Content starts

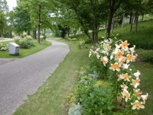ポプラの丘に咲いていたユリは終わりましたが、そこから淡路口ゲートに向かう園路沿いに植えているユリが咲いてきました。少しずつですが複数種のユリを植えていますので、何かしらが咲いていると思います。
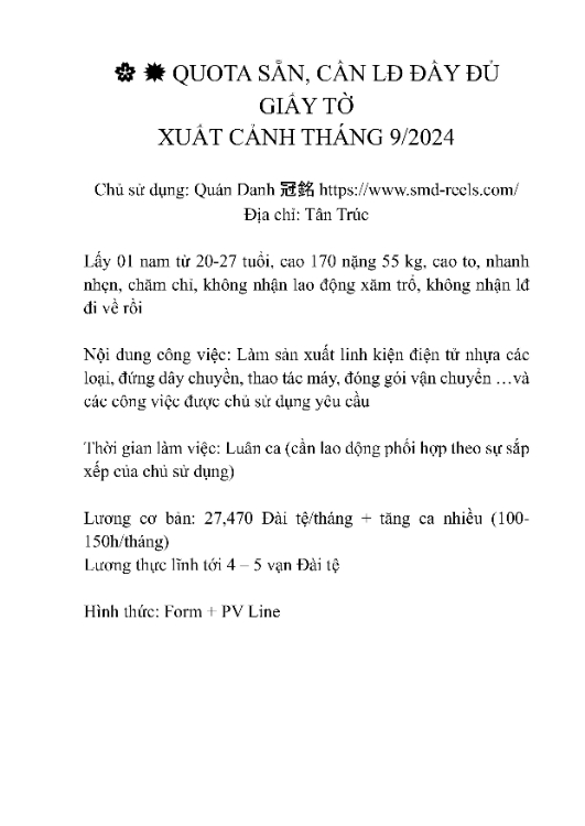 Ứng viên lưu ý: Sàn xuất khẩu lao động .com là nền tảng kết nối thông tin, sàn không có chức năng đưa người lao động đi làm việc tại nước ngoài. Các tin tuyển dụng do nhà tuyển dụng trực tiếp đăng tải và chỉ có giá trị tham khảo, ứng viên cần tìm hiểu kỹ thông tin trước khi đăng ký.
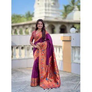 Violet Color Paithani Silk Fabric...
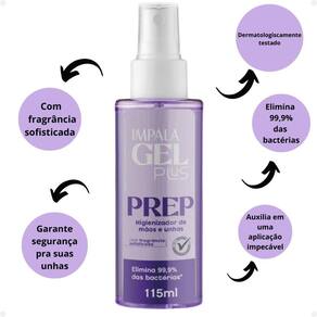 Com o Prep Higienizador Impala Gel Plus 115ml, você não apenas prepara suas unhas para a aplicação de esmaltes, mas também cuida da saúde delas, garantindo que estejam sempre limpas e prontas para brilhar. Experimente e sinta a diferença na sua manicure!
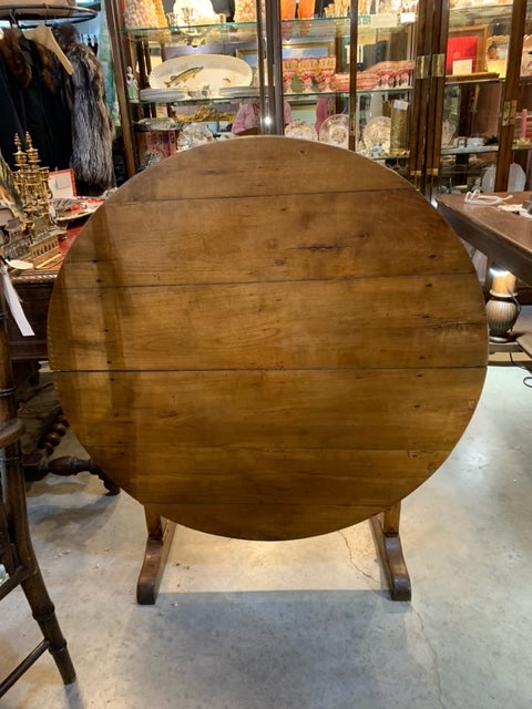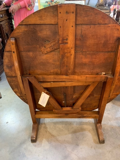 About: French Provincial fruitwood tilt-top wine tasting table, 19th C., Oval Tabletop, rising on trestle base, with swing support. A decorators must!! This Antique wine table is perfect as a cocktail table between two chairs. So Functional and moveable around the house.
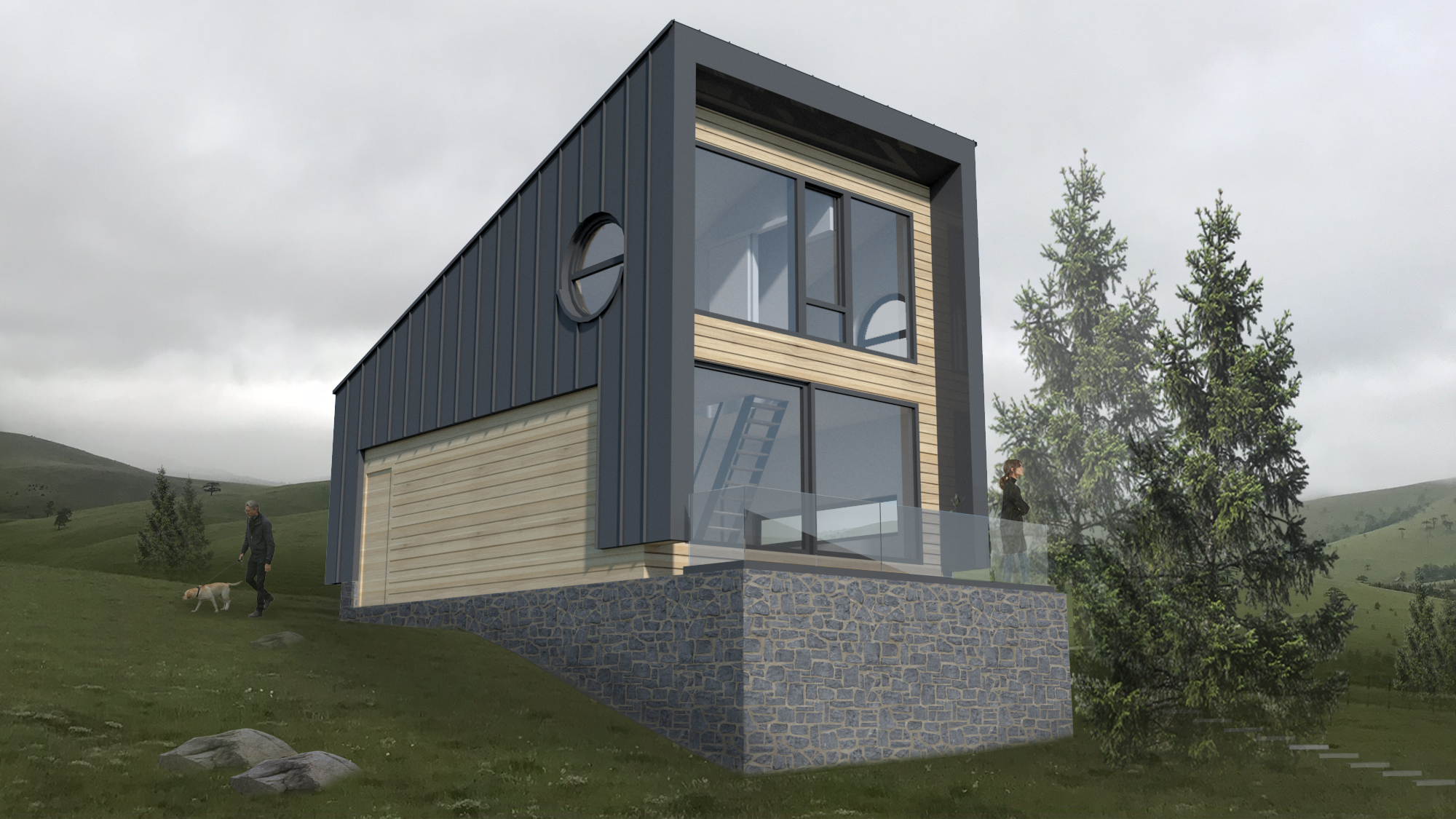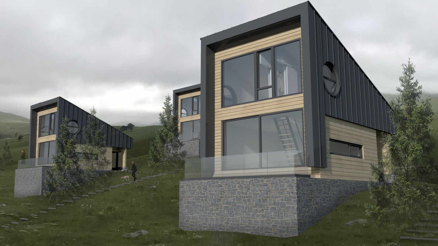 Projektni biro dizajnirao je pojedinačnu kuću s namerom da bude pojednostavljene forme, jer je ona element grupacije u specifičnom prirodnom okruženju. “To nije tipska kuća i grupacija kuća koja može da egzistira bilo gde, već je proizašla iz uticaja konkretnog lokaliteta.” – kaže Marija i dodaje da su to kuće koje izranjaju iz zemlje, kao periskopi koji izranjaju iz vode i upijaju prirodu. Koncipirane su u funkciji doživljaja prirode i velikim staklenim portalom orijentisane ka pejzažu i pogledu.

Content ends

> **What you are asked to do**
Please repeat the lines that run from the one holding "About: French Provincial" to the last line of the material, both included, exactly and without pictures.

> **Response to the exercise**
 About: French Provincial fruitwood tilt-top wine tasting table, 19th C., Oval Tabletop, rising on trestle base, with swing support. A decorators must!! This Antique wine table is perfect as a cocktail table between two chairs. So Functional and moveable around the house.
 Projektni biro dizajnirao je pojedinačnu kuću s namerom da bude pojednostavljene forme, jer je ona element grupacije u specifičnom prirodnom okruženju. “To nije tipska kuća i grupacija kuća koja može da egzistira bilo gde, već je proizašla iz uticaja konkretnog lokaliteta.” – kaže Marija i dodaje da su to kuće koje izranjaju iz zemlje, kao periskopi koji izranjaju iz vode i upijaju prirodu. Koncipirane su u funkciji doživljaja prirode i velikim staklenim portalom orijentisane ka pejzažu i pogledu.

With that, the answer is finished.